**Activity:** Give the listing below again exactly, but without any of its pictures.

**Given data:**
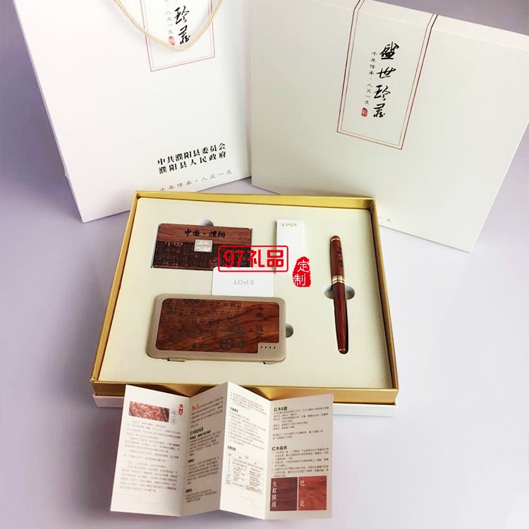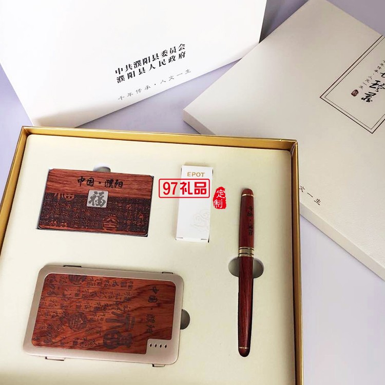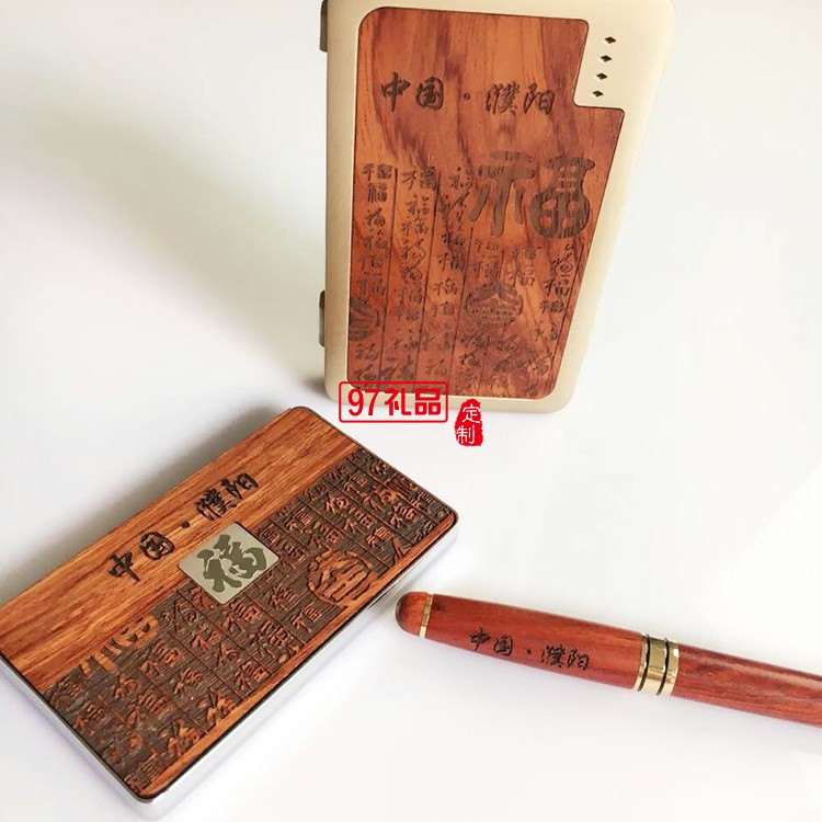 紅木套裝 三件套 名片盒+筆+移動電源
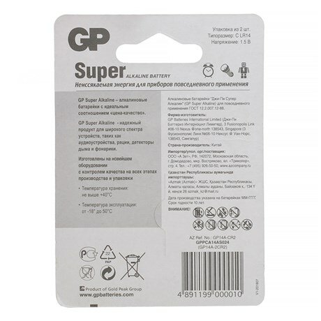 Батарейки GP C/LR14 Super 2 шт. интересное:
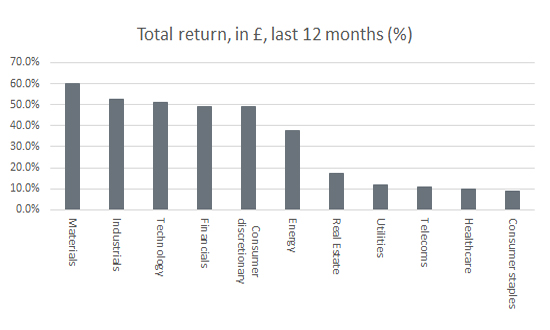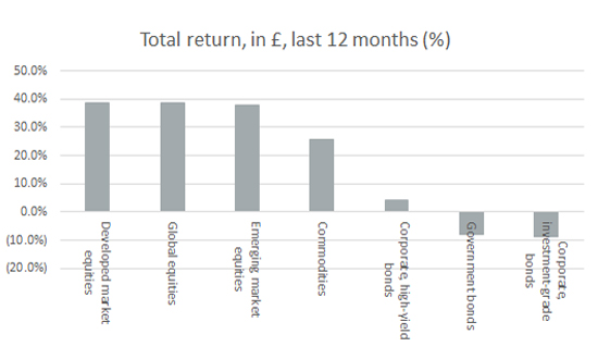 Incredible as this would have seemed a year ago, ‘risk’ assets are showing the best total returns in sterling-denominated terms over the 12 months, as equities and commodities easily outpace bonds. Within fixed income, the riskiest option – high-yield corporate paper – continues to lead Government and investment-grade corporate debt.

**Task solution:**
 紅木套裝 三件套 名片盒+筆+移動電源
 Батарейки GP C/LR14 Super 2 шт. интересное:
 Incredible as this would have seemed a year ago, ‘risk’ assets are showing the best total returns in sterling-denominated terms over the 12 months, as equities and commodities easily outpace bonds. Within fixed income, the riskiest option – high-yield corporate paper – continues to lead Government and investment-grade corporate debt.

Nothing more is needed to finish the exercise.